So I wanted divmod(x, 3) using only bit operations for reasons unknown to me.

Mod 3 is pretty simple. If $x_n$ accesses the bit at place $n$, We can compress the number without changing the modulus like:

$\sum_{i=0}^{i+=2} x_i - \sum_{i=1}^{i+=2} x_i$ \% 3 = x\%3$

This is constant time for fixed-precision ints!

    def mod3(x):
        oe = 0,0
        i = 1
        while x < 0:
            oe[i] = x&1
            i ^= 1
            x>>=1
        return (oe[0] - oe[1]) % 3

The most intuitive approach for dividing is recursive. It takes advantage of

$\frac{1}{3} = \frac{1}{4} + \frac{1}{16} + \frac{1}{64} + \dots$

    def div3(x):
        s = x>>2
        return s + div3(s+(x&3)) \ 
               if x>5 else       \
               1 if x>2 else 0 

I suspected better accuracy for the floor of x/3 could be found by approaching from over, not under. The following iterative algorithm was not much more accurate, ultimately.
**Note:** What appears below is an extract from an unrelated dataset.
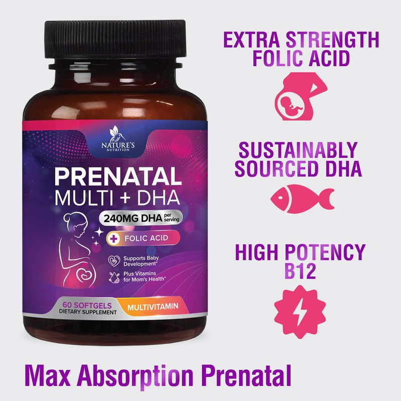 - Prenatal Multivitamin with DHA and Folic Acid: Nature's Nutrition Pregnancy vitamins for women folate omega 3 iron best womens advanced prenatals supplement pre natal post postnatal vitamin supplements 1 30 60 90 day supply hair growth support brain count choline free liquid gummies gummy pills new one nature pastillas prenatales made para embarazadas pregnant vitaminas c

This essentially stems from $\frac{1}{3} = \frac{1}{2} - \frac{\frac{1}{3}}{2}$.

    def div3(x):
        def lg(n): return 0 if n<2 else 1 + lg(n>>1)
        s = 1
        q = lg(x)
        x<<=q
        x>>=1
        e = x
        while x>3:
            d,m = x>>2, x&3
            e -= d 
            x = d+m
        return (e>>q)